--- START ---
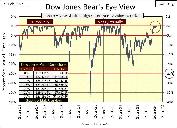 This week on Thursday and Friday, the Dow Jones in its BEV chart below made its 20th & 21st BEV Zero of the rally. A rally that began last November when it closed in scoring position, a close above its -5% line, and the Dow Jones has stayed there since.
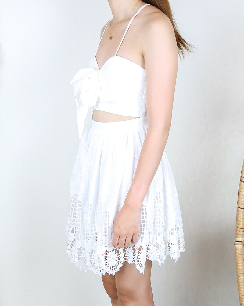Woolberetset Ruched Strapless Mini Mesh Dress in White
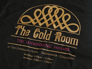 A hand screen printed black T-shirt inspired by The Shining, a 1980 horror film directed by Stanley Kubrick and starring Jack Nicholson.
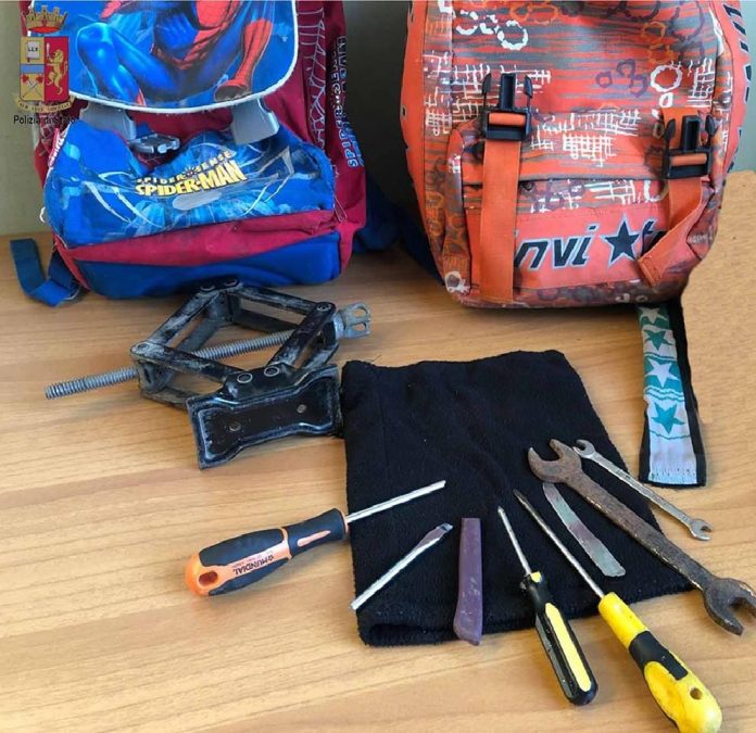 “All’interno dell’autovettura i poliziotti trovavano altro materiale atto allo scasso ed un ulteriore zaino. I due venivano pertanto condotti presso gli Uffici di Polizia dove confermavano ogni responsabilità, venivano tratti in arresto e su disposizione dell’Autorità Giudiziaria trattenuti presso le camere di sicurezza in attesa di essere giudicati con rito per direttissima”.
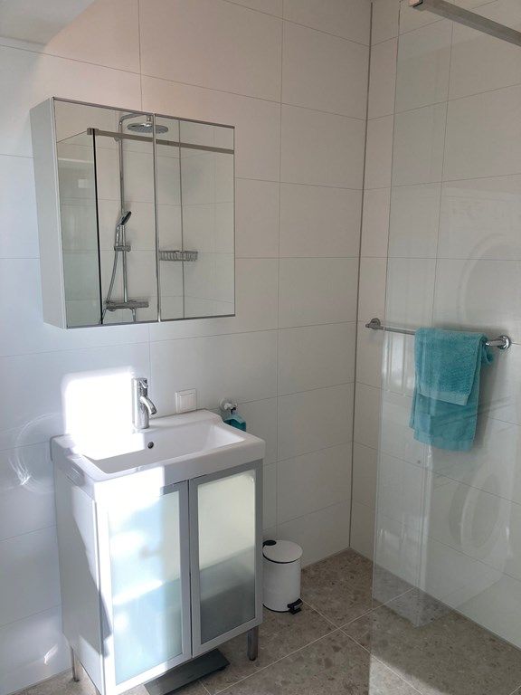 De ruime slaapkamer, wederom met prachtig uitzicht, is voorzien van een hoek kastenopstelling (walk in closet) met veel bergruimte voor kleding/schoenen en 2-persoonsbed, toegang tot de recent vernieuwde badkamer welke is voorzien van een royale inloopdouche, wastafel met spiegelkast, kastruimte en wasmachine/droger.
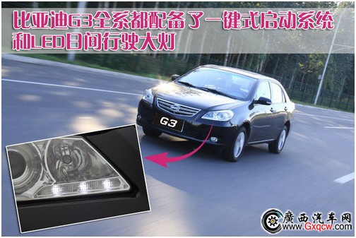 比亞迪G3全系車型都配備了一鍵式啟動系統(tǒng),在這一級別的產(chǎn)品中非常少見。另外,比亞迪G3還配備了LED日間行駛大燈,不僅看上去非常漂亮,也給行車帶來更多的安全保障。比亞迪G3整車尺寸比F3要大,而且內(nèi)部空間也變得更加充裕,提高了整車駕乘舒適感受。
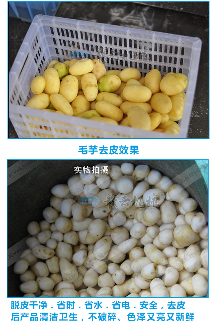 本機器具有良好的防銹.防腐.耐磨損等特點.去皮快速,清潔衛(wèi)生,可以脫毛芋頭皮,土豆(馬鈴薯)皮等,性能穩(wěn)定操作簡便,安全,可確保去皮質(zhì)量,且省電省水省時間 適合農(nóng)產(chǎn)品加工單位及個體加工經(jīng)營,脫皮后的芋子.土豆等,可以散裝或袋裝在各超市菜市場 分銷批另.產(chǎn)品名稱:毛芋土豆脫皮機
--- END ---
--- START ---
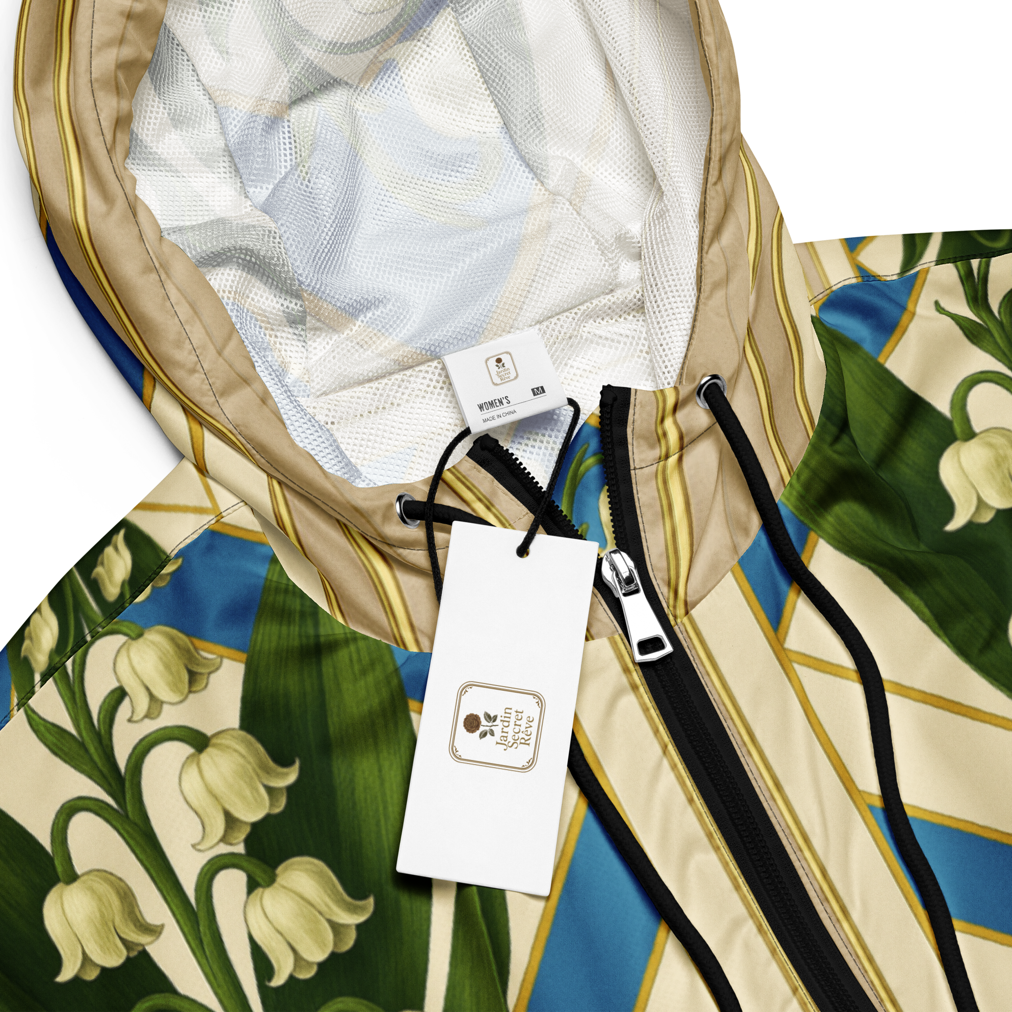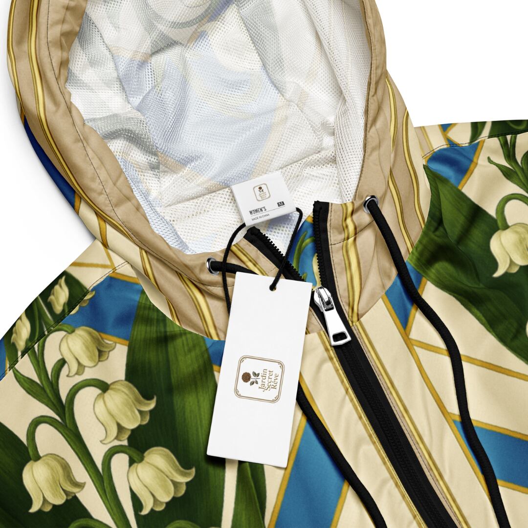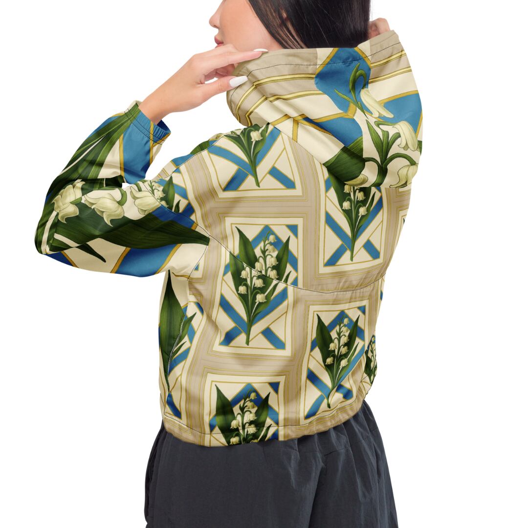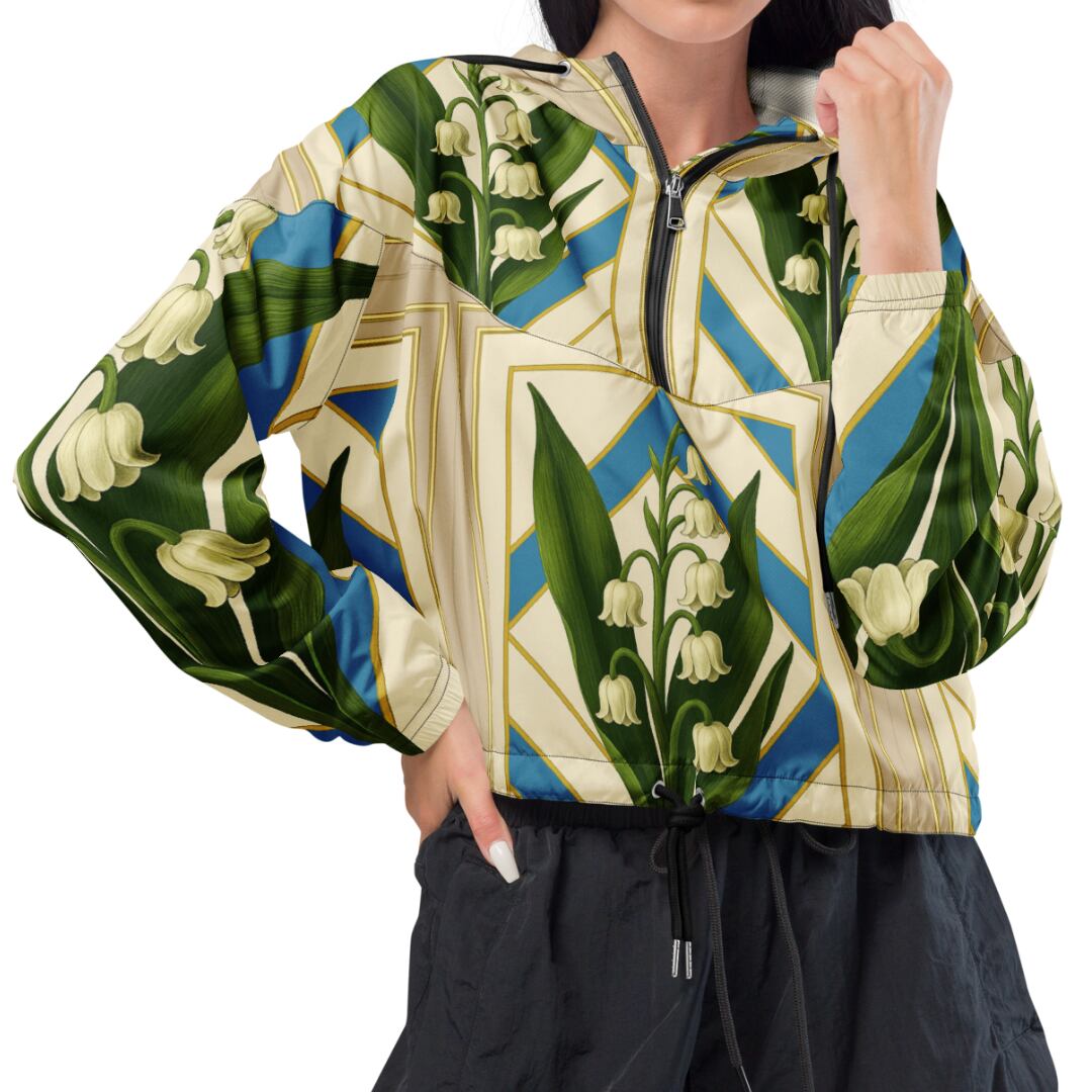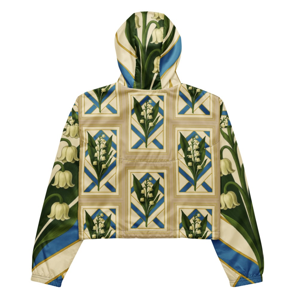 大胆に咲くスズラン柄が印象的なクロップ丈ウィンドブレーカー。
--- END ---
## Problem to work on
Would you transcribe the lines above exactly, going from the line bearing "A hand screen" through the line bearing "比亞迪G3全系車型都配備了一", and drop the pictures from the copy?

## Answer
 A hand screen printed black T-shirt inspired by The Shining, a 1980 horror film directed by Stanley Kubrick and starring Jack Nicholson.
 “All’interno dell’autovettura i poliziotti trovavano altro materiale atto allo scasso ed un ulteriore zaino. I due venivano pertanto condotti presso gli Uffici di Polizia dove confermavano ogni responsabilità, venivano tratti in arresto e su disposizione dell’Autorità Giudiziaria trattenuti presso le camere di sicurezza in attesa di essere giudicati con rito per direttissima”.
 De ruime slaapkamer, wederom met prachtig uitzicht, is voorzien van een hoek kastenopstelling (walk in closet) met veel bergruimte voor kleding/schoenen en 2-persoonsbed, toegang tot de recent vernieuwde badkamer welke is voorzien van een royale inloopdouche, wastafel met spiegelkast, kastruimte en wasmachine/droger.
 比亞迪G3全系車型都配備了一鍵式啟動系統(tǒng),在這一級別的產(chǎn)品中非常少見。另外,比亞迪G3還配備了LED日間行駛大燈,不僅看上去非常漂亮,也給行車帶來更多的安全保障。比亞迪G3整車尺寸比F3要大,而且內(nèi)部空間也變得更加充裕,提高了整車駕乘舒適感受。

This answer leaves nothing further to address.